Predictive Analytics

Retailers use data to predict back-to-school demand

By October 12, 2016 No Comments

There will be students who need clothes and supplies when they head back to school in 2016. The questions retailers must answer are how many and where will they go to shop. This allows stores to prepare inventories and market to audiences most likely to be swayed by promotional content.

Business intelligence software should help retailers forecast demand – provided the companies use the right information. Industry studies, store records and external factors are all data sets stores should use in predictive modeling systems.

Begin with basic information
Stores can begin predicting demand with general industry findings. A Mintel survey of 1,830 parents found the majority of participants plan to spend more on back-to-school shopping in 2016 than they did in 2015, according to Chain Store Age. Two-thirds planned to buy clothing, but only 8 percent said they would buy new supplies or electronic devices.

"Stores should mix and match public information sources."

By parsing through the data available to the public, stores can see how consumers plan to spend in the coming seasons, the effects of the current economy on audiences and other factors that may limit or motivate sales. As each business is unique, stores should mix and match public information sources to focus on findings that directly affect their particular products.

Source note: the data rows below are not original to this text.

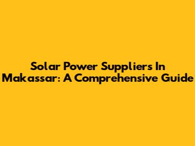 Solar Power Suppliers In Makassar: A Comprehensive Guide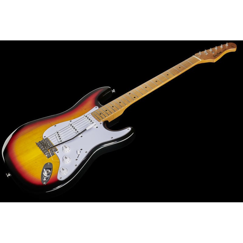 Esto es lo que llamas estilo vintage! Este pequeño tesoro está equipado con 3 bobinas simples de estilo Alnico 5 Vintage ST, que le brindan excelentes sonidos para cualquier estilo popular, desde pop hasta blues, rock y más. Los afinadores de estilo Kluson y un trémolo sincronizado garantizan una estabilidad de afinación impresionante. Prueba esta guitarra: te llevará a lugares que nunca soñaste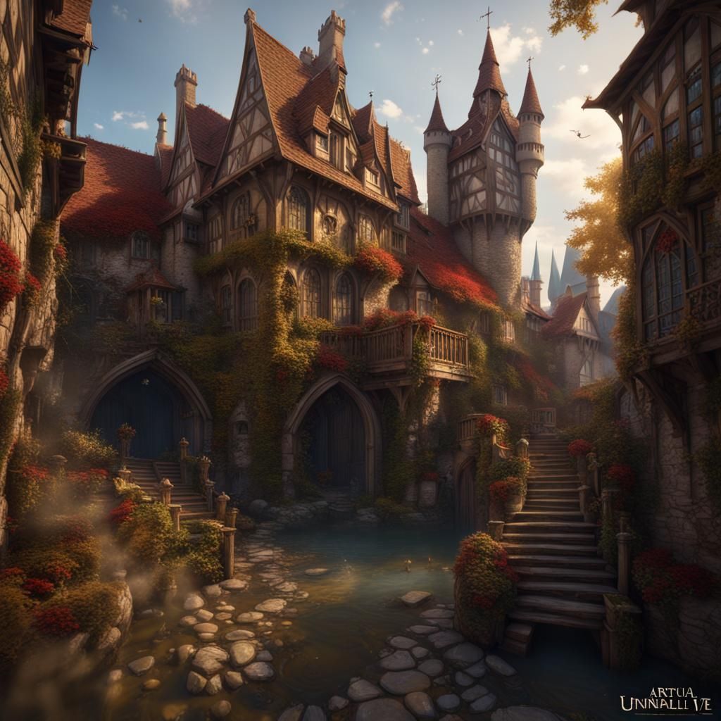 A medieval scene featuring an illuminated letter E. The artwork uses a detailed matte painting technique with deep colors and intricate details, reminiscent of fantasy concept art in 8k resolution.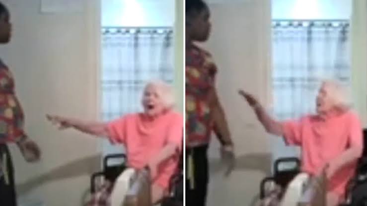 Arrington raises her fists and appears to threaten the patient as she towers above her wheelchair. The elderly woman is clearly distressed.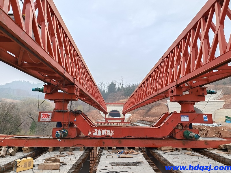 2. 架橋機對中完成后,仔細檢查對中情況,檢查前支腿是否挺直,橫向導梁的魚尾板、扣鐵、車輪擋塊是否牢固。在確認其可靠性后,就可以進行架梁操作。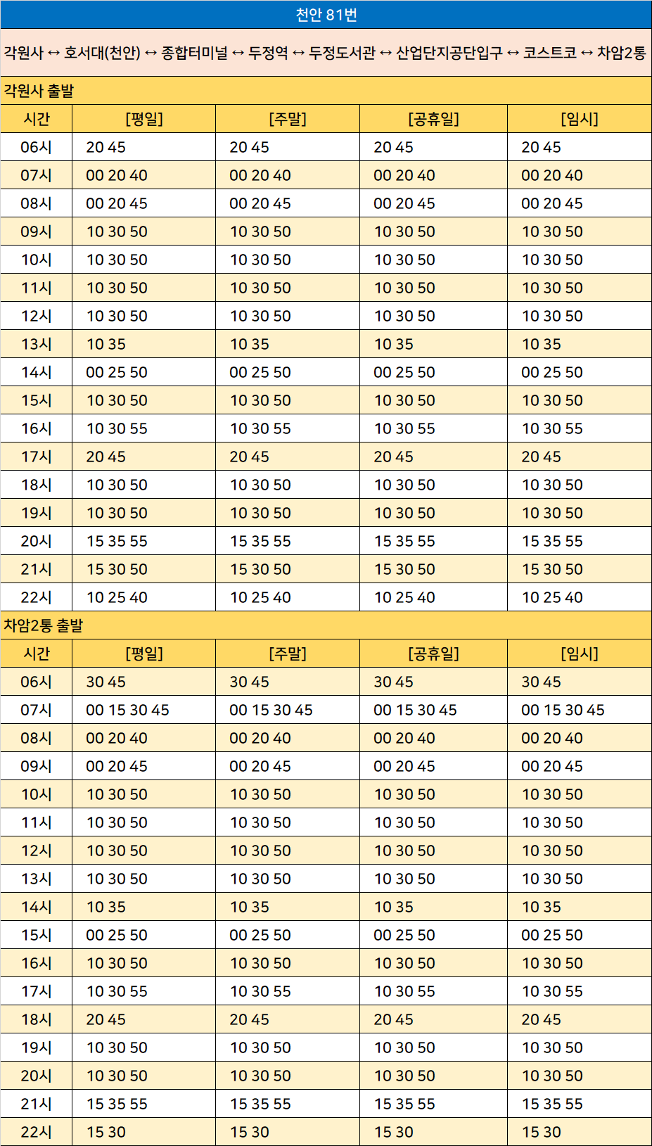 천안 81번: 각원사 ↔ 호서대(천안) ↔ 종합터미널 ↔ 두정역 ↔ 두정도서관 ↔ 산업단지공단입구 ↔ 코스트코 ↔ 차암2통

Examine the store's history
One of the best sources of insight into how your store will perform in the future is what led to success in the past. Data Science Central said the first step is to make all relevant internal information visible. This means practicing data collection and storing information in a system that makes the details easy to compare to other datasets.

It's possible a store has data silos or other inefficient systems that makes it hard to view past trends or compare inventory movements to different seasons. It may be best to invest in a custom performance business solution in summer to prepare for the fall rush. Even if a business doesn't have the data necessary for predictive modeling now, it can improve processes for next year.

Look at outside factors
Once a business has studied its own data and market trends, it needs to look at all other data sets that may influence demand. For example, The Weather Channel said 2016 will be a very hot summer, so shoppers in certain states will avoid long shopping trips.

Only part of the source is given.